EXERCISE OBJECTIVE.
Leave out the pictures, and retype only the lines from the beginning of the material through the line that contains "Wallpaper Little funny", including both.

GIVEN INFORMATION.
>>>>>
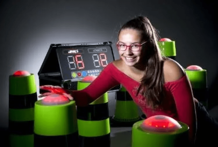 Players race against the clock (and each other) to tap their color-coded cones as they light up. Whoever hits the most targets—or reaches the score goal first—wins!
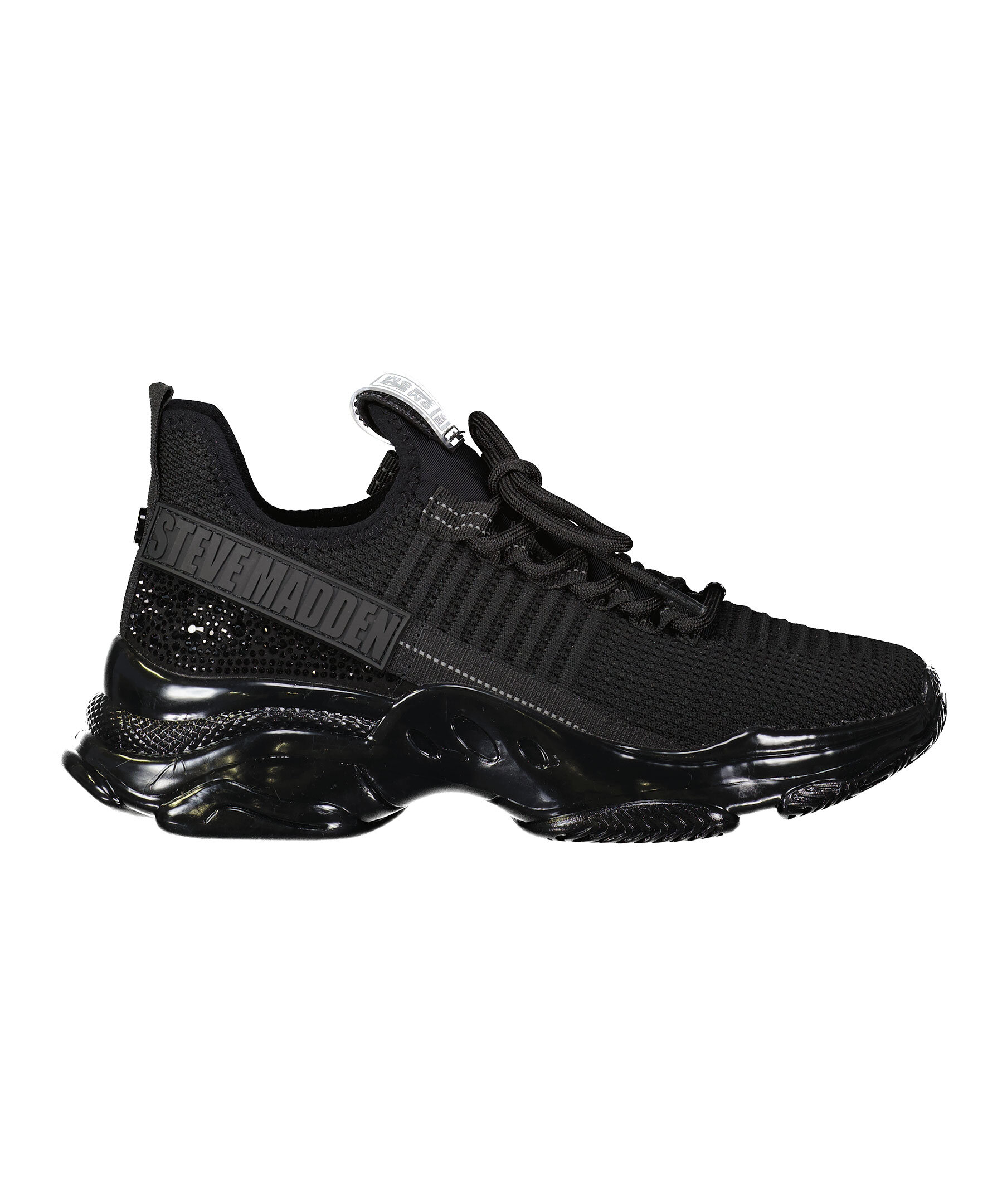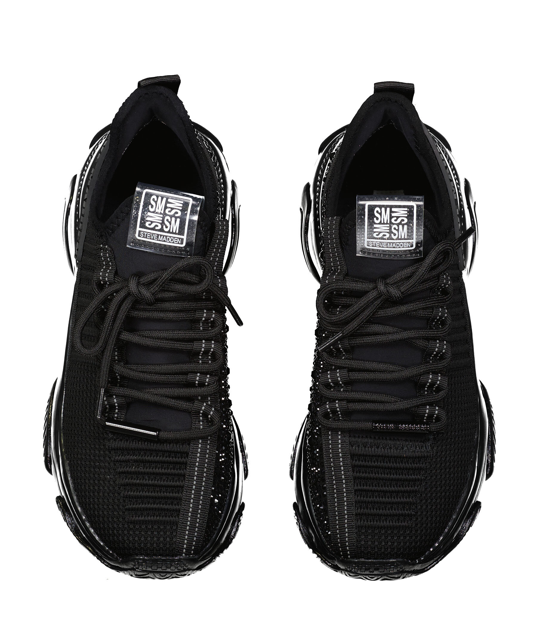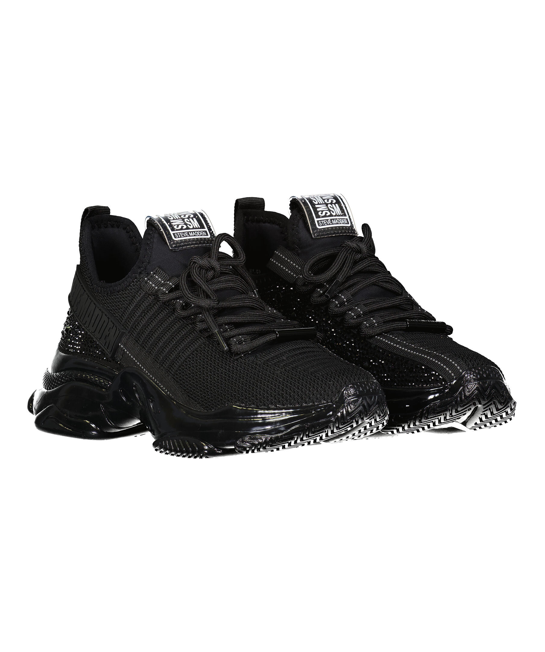 Svarta sneakers med strasstenar runt om skon från Steve Madden. Designade med både stil och prestanda i åtanke och kommer att hålla dig chic och känna dig lätt på fötterna! Tygsko med tjock gummisula som ger maximalt stöd. Smala sömmar med reflex längs snörningen och på plösen bak, metalldetalj med logotyp på snörningen fram och en rund metallbricka bak på hälen samt tunn text på plösen och utsidan.
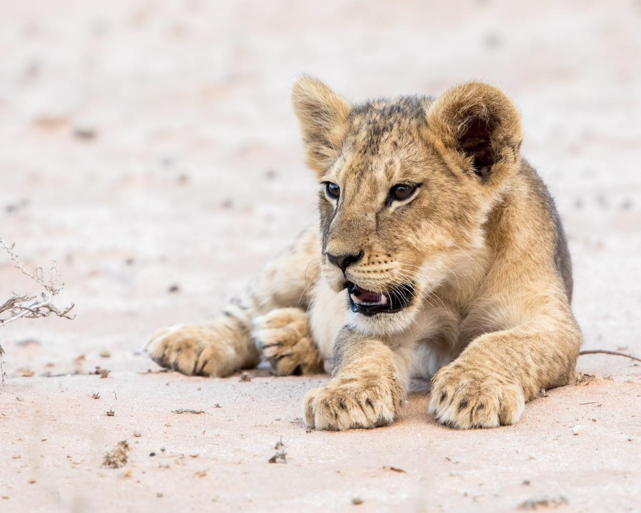 Wallpaper Little funny lion cub lies on the sand
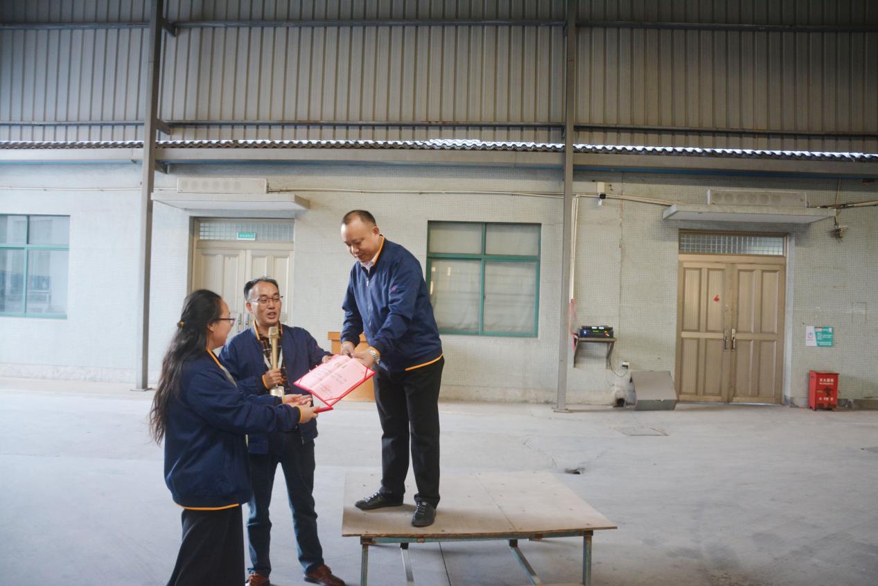 2022年10月24日,趁著周一早會時間,我們對模具部及五金模組頒發了獎狀及獎金,激勵各位佳人以模具部為榜樣,在自己精通熟悉的領域里,主動挑起重擔,精進技藝,簡化流程,節約公司成本,開創屬于我們自己自創自主的品牌產品。只要有利公司發展前景,公司一定給予相應嘉獎。
<<<<<
ANSWER SECTION.
 Players race against the clock (and each other) to tap their color-coded cones as they light up. Whoever hits the most targets—or reaches the score goal first—wins!
 Svarta sneakers med strasstenar runt om skon från Steve Madden. Designade med både stil och prestanda i åtanke och kommer att hålla dig chic och känna dig lätt på fötterna! Tygsko med tjock gummisula som ger maximalt stöd. Smala sömmar med reflex längs snörningen och på plösen bak, metalldetalj med logotyp på snörningen fram och en rund metallbricka bak på hälen samt tunn text på plösen och utsidan.
 Wallpaper Little funny lion cub lies on the sand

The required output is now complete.